Foto: Lu Yang/Xinhua/FOTOFINDER.COMDüsseldorf. Mehr als 3000 Punkte oder 23 Prozent hat der Dax seit seinem Rekordhoch vor nur knapp drei Wochen verloren. Wer darauf setzt, dass die Corona-Epidemie und die Ängste vor dem Virus schon bald Vergangenheit sind, dürfte sich über die unerwartet tiefen Einstiegskurse freuen.
Doch wer daran nicht glaubt und damit rechnet, dass Deutschland oder gar die Weltkonjunktur in eine Rezession abgleiten, weil die Vorsichtsmaßnahmen rund um die Epidemie Lieferketten unterbrechen und den weltweiten Handel lähmen, sollte noch warten.
Wie tief die Kurse noch fallen, weiß niemand. Doch vergangene Rezessionen und vor allem die aktuelle Bewertung der Aktienmärkte geben Aufschluss darüber, wie weit es noch abwärts gehen kann.
„Die eigentlich längst überfällige Korrektur dürfte sich zumindest so lange fortsetzen, bis klarer erkennbar ist, wie groß der wirtschaftliche Schaden durch das Virus ist“, sagt Carsten Klude von der Hamburger Privatbank M.M. Warburg. Wie die meisten seiner Kollegen ist der Chefvolkswirt skeptisch und rät von Zukäufen ab, solange sich nicht abzeichnet, dass die Infektionen eingedämmt werden. Dennoch empfiehlt er nicht, sich von allen Aktien zu trennen – selbst dann nicht, wenn sie weiter fallen.
Denn: Sobald sich abzeichnet, dass die Eindämmung des Virus gelingt, dürfte sich die Wirtschaft sehr schnell wieder erholen. In dem Fall sei eine V-förmige Erholung oder zumindest ein U-förmiger Konjunkturverlauf wahrscheinlich, meint Klude. Was übersetzt heißt: Entweder steigen die Kurse ebenso schnell, wie sie gefallen sind – dafür steht das V –, oder sie steigen nach einer kurzen Phase der Stagnation. Dafür steht das U.
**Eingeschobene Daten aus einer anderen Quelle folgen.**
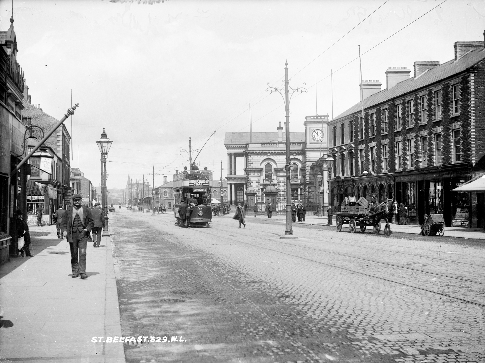 Thanks to everyone for confirming that this wasn't the Great Northern Railway Station in Belfast as it said in our catalogue, but rather York Road Railway Station! Really love the chap striding towards the camera - he looks like a docker? (Re-reading Strumpet City at the moment for Dublin: One City, One Book so that may be influencing me). Date: Circa 1907? NLI Ref.: L_ROY_00329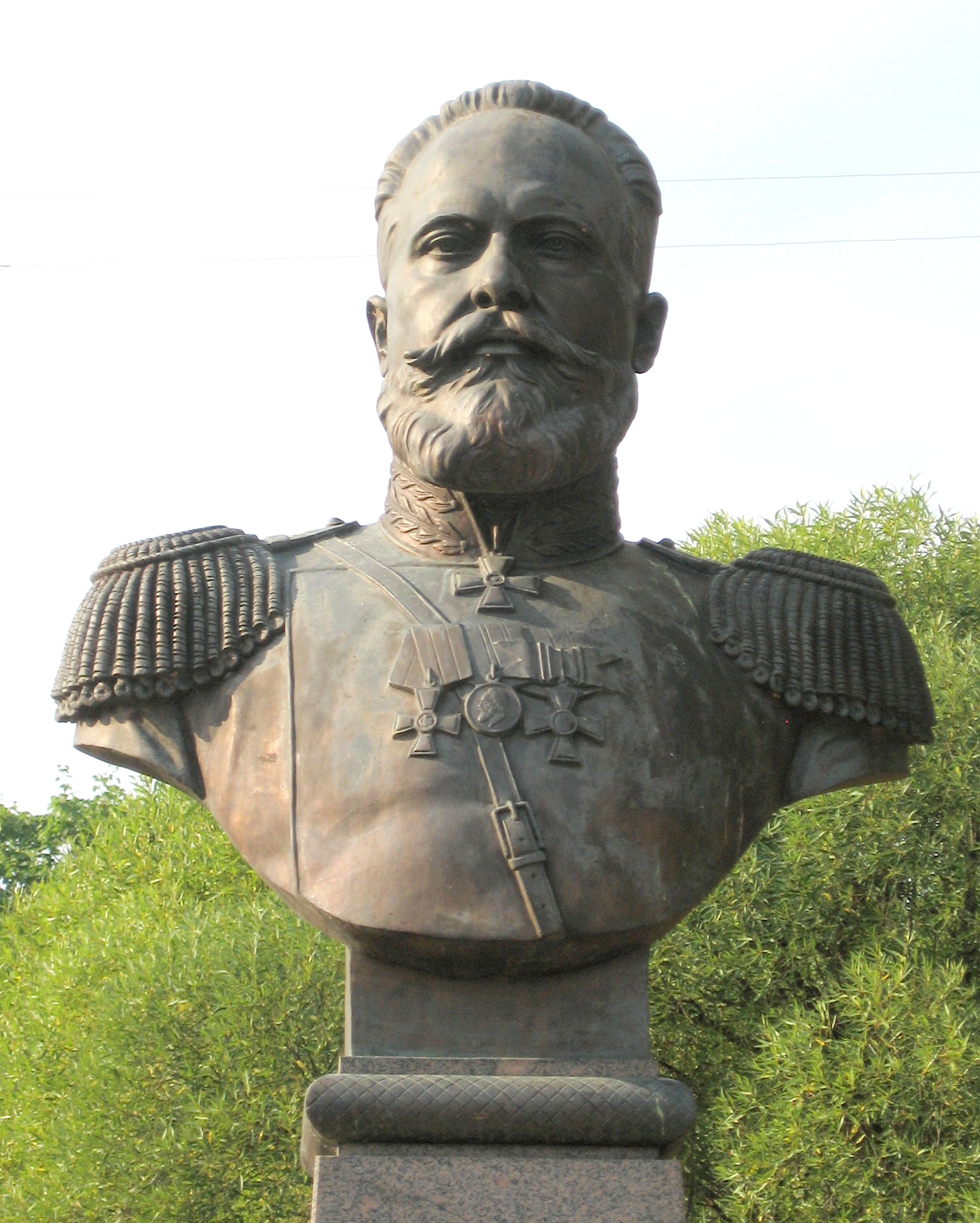 Monument to Sergej Mosin in Sestroretsk

Für dieses Positivszenario gibt es zwei starke Argumente: Sobald es wärmer wird, hat das Virus einigen Experten zufolge deutlich schlechtere Existenzbedingungen und damit weniger Chancen, immer mehr Menschen zu infizieren. Die Unternehmen und Verbraucher könnten, was Produktion und Konsumverhalten angeht, rasch zur Normalität zurückkehren. Nachholeffekte im zweiten oder dritten Quartal würden die Konjunktur zusätzlich beleben.
Außerdem sind Aktien im Vergleich zu allen anderen Anlageklassen unverändert attraktiv. Fürs Ersparte auf dem Sparbuch gibt es keine Zinsen, für Anleihen solider Staaten und Unternehmen ebenso wenig, und Immobilien sind teuer. Die amerikanische Notenbank hat mit ihrer drastischen Zinssenkung um 0,5 Prozentpunkte in der vergangenen Woche zudem eindrucksvoll bewiesen, dass sie den Börsen in Krisen zu Hilfe eilt.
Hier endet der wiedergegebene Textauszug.